Выходя из погребка, я взглянул на соседний столик. Старик, уронив голову на руки, спал. Рядом в пепельнице дымила сигарета и стоял опустошенный стакан.

 

* * *

Побитая, облупленная, ржавая баржа, было ей, видимо, не меньше ста лет, стояла, накренившись, внизу у гранитного берега. Скованная льдом и наполовину занесенная снегом, выглядела точно консервная банка. Мы перешли по деревянному мостику на обледенелую палубу, где лежала большая гора угля, прошли дальше, поднялись в рубку. Симаков отпер железную дверь.

— Здесь рулевое управление, — пояснил скульптор, просунул куда-то руку, достал фонарик, включил. — Короче, место капитана. Идем дальше. Осторожно, лестница крутая, берись за перила.
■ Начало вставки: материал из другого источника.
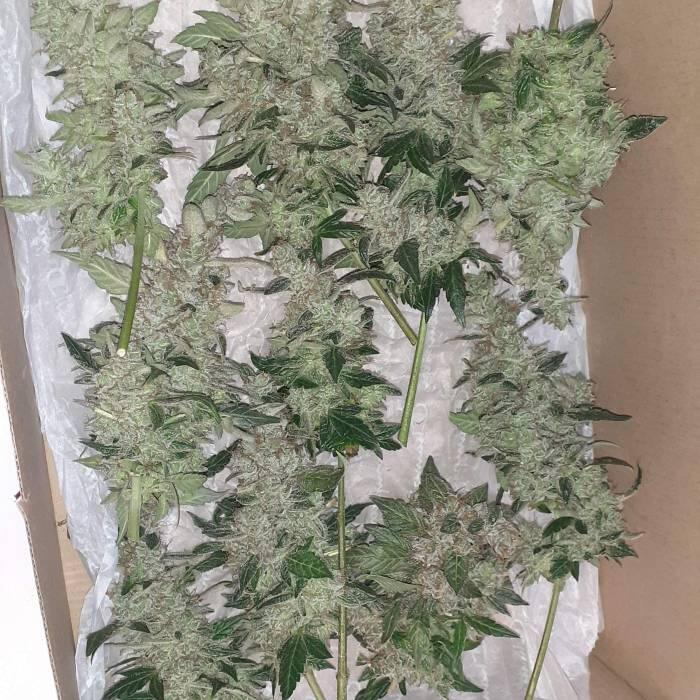 Харвест был на 86-й день. Трихомы уже достигли оптимального соотношения мутных к янтарю 50/50. Общий урожай 221,95 г. Легко выращивать благодаря крепкой генетике.

Мы спустились вниз по железным ступенькам и оказались в помещении, чем-то напоминающем вагонное купе. Четыре полки, две снизу, две сверху. Нижние полки были пошире верхних, на одной навалены ящики с какими-то инструментами, на другой лежал матрас и свернутое одеяло. Посредине кубрика стоял крепкий дубовый стол, над столом висела керосиновая лампа. Борис зажег ее, подкрутил фитиль. Комната наполнилась желтым светом, сделалось чуть уютней, чем в первое мгновение. Предметы вокруг будто ожили. Сбоку от стола расположилась квадратная железная печка, дымовая труба уходила вверх, пробив потолок. На полу валялись дрова и стояло ведро с углем.
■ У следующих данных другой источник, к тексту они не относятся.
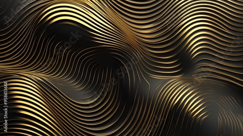 Mesmerizing Abstract Metallic Waves and Curves in Shimmering Gold and Black Tones

— Тепло еще не совсем выветрилось, — сказал Симаков, похлопывая по круглому боку печки. — Утром, когда будешь уходить, брось полведра угля, чтобы кубрик не совсем остыл, а вечером еще полведра подкинь, и достаточно. Тяга хорошая, не угоришь. Поддувало оставляй полуоткрытым, а когда уголь раскалится, дверцу совсем прикрой. Наука немудреная, освоишь. Вот тут сортир, по морскому гальюн. А эта дверь ведет в машинное отделение. Там бак с питьевой водой и кран, пошли, покажу. Затопив печь, поговорив еще со мной о том, о сем, Симаков ушел, оставив номер телефона своей мастерской.

— Ключ, гляди, не потеряй, — предостерег на прощание Борис. — Через пару дней загляну. Пока!
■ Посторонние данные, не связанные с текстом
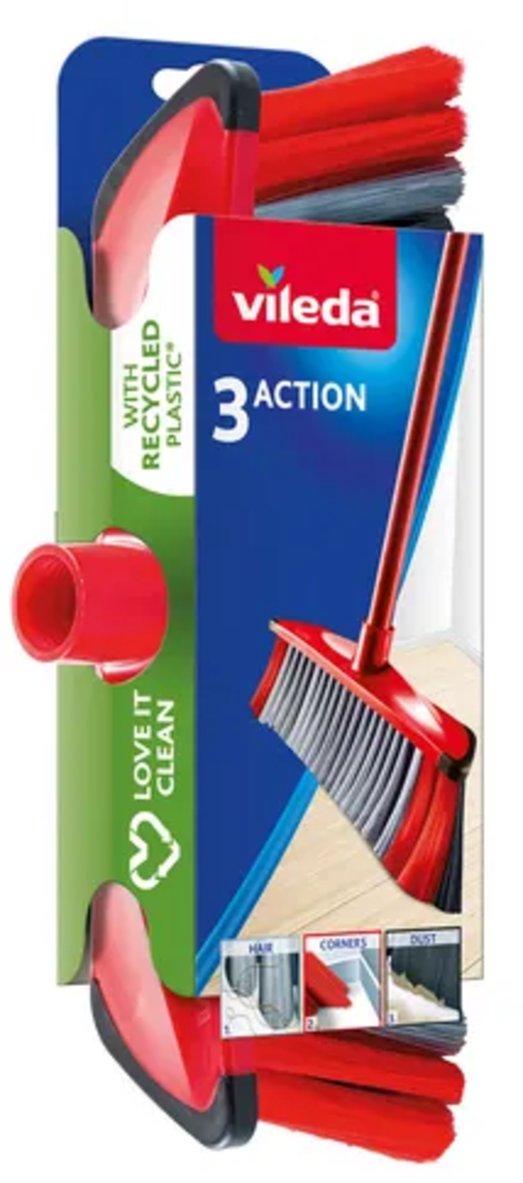 Szczotka miotły 3Action firmy vileda ma potrójne włosie, które niezawodnie wychwytuje zarówno drobny kurz, jak i większe zabrudzenia. Czarne, delikatne włosie usuwa najmniejsze cząsteczki brudu bez wzniecania kurzu. Większe zanieczyszczenia, takie jak okruchy lub włosy, są wychwytywane przez szare, gęstsze włosie. Zewnętrzne, czerwone włosie jest idealne do czyszczenia narożników, krawędzi i połączeń. Gumowe zderzaki chronią również podłogi i meble przed zarysowaniami.

Проводив скульптора, я запер дверь и спустился в кубрик. Я ощущал сильный голод. В помещении сделалось уже тепло, я снял пальто. Нашел на столе получерствую булку в целлофановом пакете, банку грушевого варенья и жестяную банку индийского чая. Поставил на печку чайник и когда он вскипел, заварил крепкий чай. Утолив голод, я вспомнил о письме. Почерк школьный, с наклоном, аккуратный, почти каллиграфический, буква т написана как ш, но сверху приделана крыша в виде росчерка.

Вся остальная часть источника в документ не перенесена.